Ferien sind Vor- und Nachteil

„Egal wie die Tests ausgehen, es gibt erst einmal keinen Präsenzunterricht. Das macht es zunächst etwas leichter“, erklärte Niels Hakenes. Allerdings sagte er auch: „Kompliziert wird es, falls es weitere positive Testergebnisse gibt und dadurch neue Ketten nachvollzogen werden müssen.“ Kein unwahrscheinliches Szenario wäre in einem solchen Fall, dass sich einige Schüler dann schon im Urlaub befinden.
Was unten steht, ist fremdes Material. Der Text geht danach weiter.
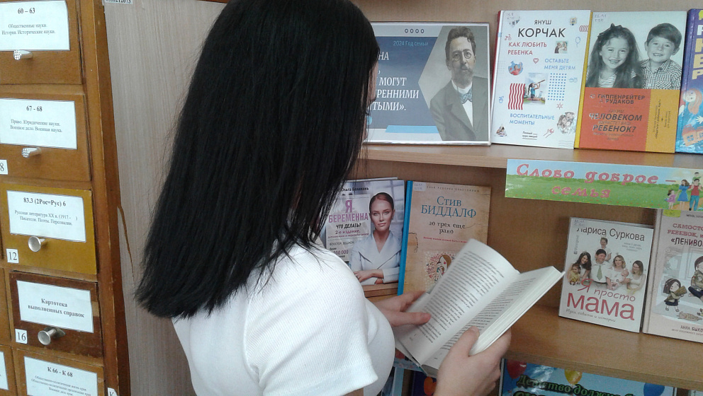 Книжная выставка привлекает внимание как молодёжи, так и семейных пар. Большой выбор книг о воспитании детей с советами и рекомендациями вызвал неподдельный интерес у дружной семьи Ращепкиных. Андрей и Анастасия - многодетные родители, воспитывающие четверых детей в возрасте от 3 до 14 лет. Со старшими детьми - школьниками Александром и Софией - они передали в дар библиотеке много художественной литературы. Нашими читателями они стали совсем недавно, ведь у многодетных родителей практически все время занято детьми, но увидев огромное разнообразие библиотечного фонда, особенно книг о семейных ценностях, приняли решение сделать посещение библиотеки доброй семейной традицией.
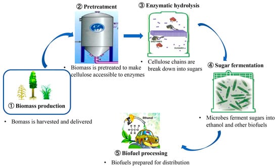 Bioconversion of lignocellulosic biomass to biofuel via feedstock production, biomass pretreatment, enzymatic hydrolysis, sugar fermentation, and biofuel processing [].
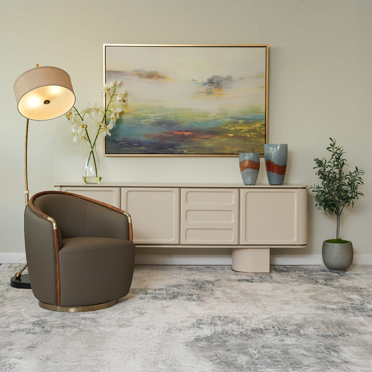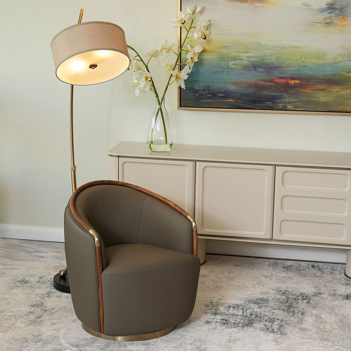 الكرسي يتميز بجلد بني فاتح مع لمسات من الذهب الفاتح، مع رغوة عالية الكثافة من الداخل وجلد أصلي (RL009) في الجهة الأمامية وميكروفايبر جلد عالي الجودة (ML010) في الجهة الخلفية. كما يكتمل بذراعين من الجوز الصلب بتشطيب طبيعي وقاعدة من الفولاذ المقاوم للصدأ مع وظيفة التدوير باللون الذهبي الفاتح. تضفي المفروشات من جلد القمة وميكروفايبر الجلد شعورًا بالفخامة والمتانة على الكرسي.
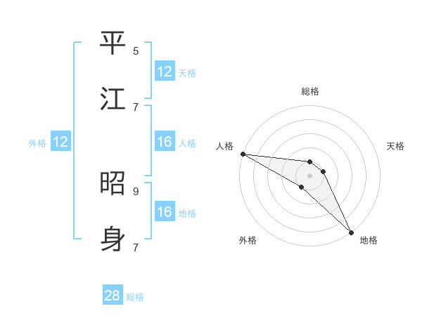 平江 昭身さんの地格は16画の5点!
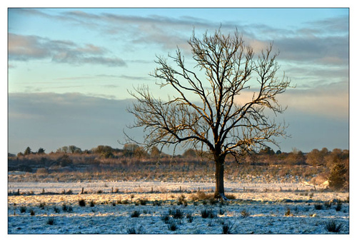 Its amazing how fast the sun rises and how quickly the light changes and the fantastic colours of the sunrise disappear . When I saw this second tree the colour had disappeared but I still stopped and waited for the rising sun to reach the branches of the tree. It was fifteen minutes before the tree was sufficiently lit for me to take the picture.
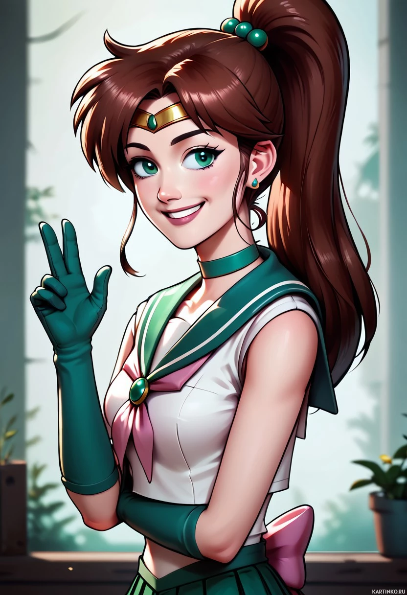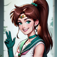 hair accessory. The character is smiling, holding up one hand in a peace

Ganz allgemein schätzt der Schulleiter der Canisiusschule die Situation realistisch ein: „Es würde an ein Wunder grenzen, wenn Corona uns nicht auch treffen würde. Für unsere Schule ist es zwar das erste Mal, aber wir sehen, dass die Kommunikation gut lief und alle Maßnahmen rechtzeitig ergriffen wurden. Trotz der schlechten Nachricht, stimmt mich das positiv.“ Ein weiteres Indiz dafür: „In der Schülerschaft ist es relativ ruhig und auch vonseiten der Elternschaft gab es heute relativ wenig Rückfragen zu dem Thema“, so Hakenes am Donnerstag.